2018-10-03 20:34:00
Wojciech Staniec

Liga Mistrzów: Motor Zaporoże przegrał, ale Paweł Paczkowski zagrał kolejny dobry mecz

Wciąż bez zwycięstwa w tej edycji Ligi Mistrzów są zawodnicy Motoru Zaporoże. Mistrzowie Ukrainy przegrali tym razem z SG Flensburg-Handewitt.

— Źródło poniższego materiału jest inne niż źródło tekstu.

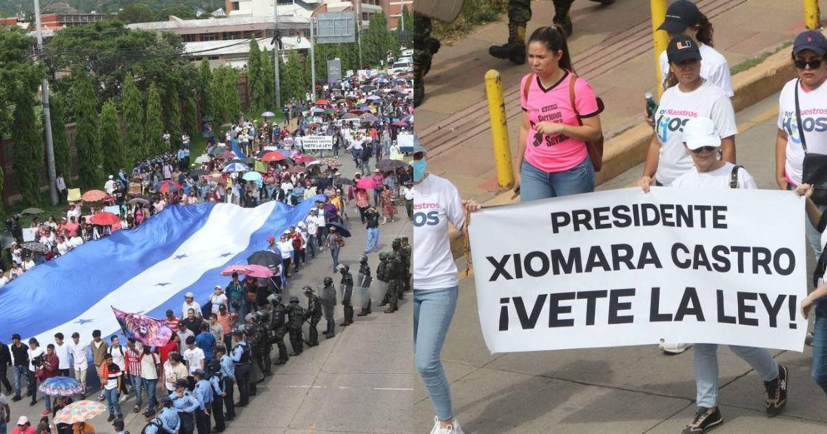 Los manifestantes reclaman a la presidenta Xiomara Castro vetar la polémica ley que fue aprobada por el Congreso Nacional hace algunos meses.

Jednak zespół polskiego trenera Patryka Rombla w starciu z najlepszą drużyną Bundesligi zaprezentował się z dobrej strony, szczególnie w pierwszej połowie. Przed przerwą Motor grał dobrze, dotrzymywał kroku Flensburgowi, a w pewnym momencie prowadził nawet dwiema bramkami. 

REKLAMA

Zmieniło się to po przerwie, gdy dało o sobie znać doświadczenie niemieckiego zespołu. Flensburg zbudował sobie bezpieczną przewagę i spokojnie kontrolował boiskowe wydarzenia. Mistrzowie Niemiec przerwali więc passę dwóch porażek z rzędu i pewnie ograli Motor Zaporoże.

Kolejne dobre spotkanie w tym sezonie rozegrał Paweł Paczkowski, który rzucił sześć bramek i otrzymał żółtą kartkę. Inny Polak grający w Motorze - Mateusz Kus grał przez całe spotkanie w obronie i zakończył mecz w dwiema karami dwóch minut.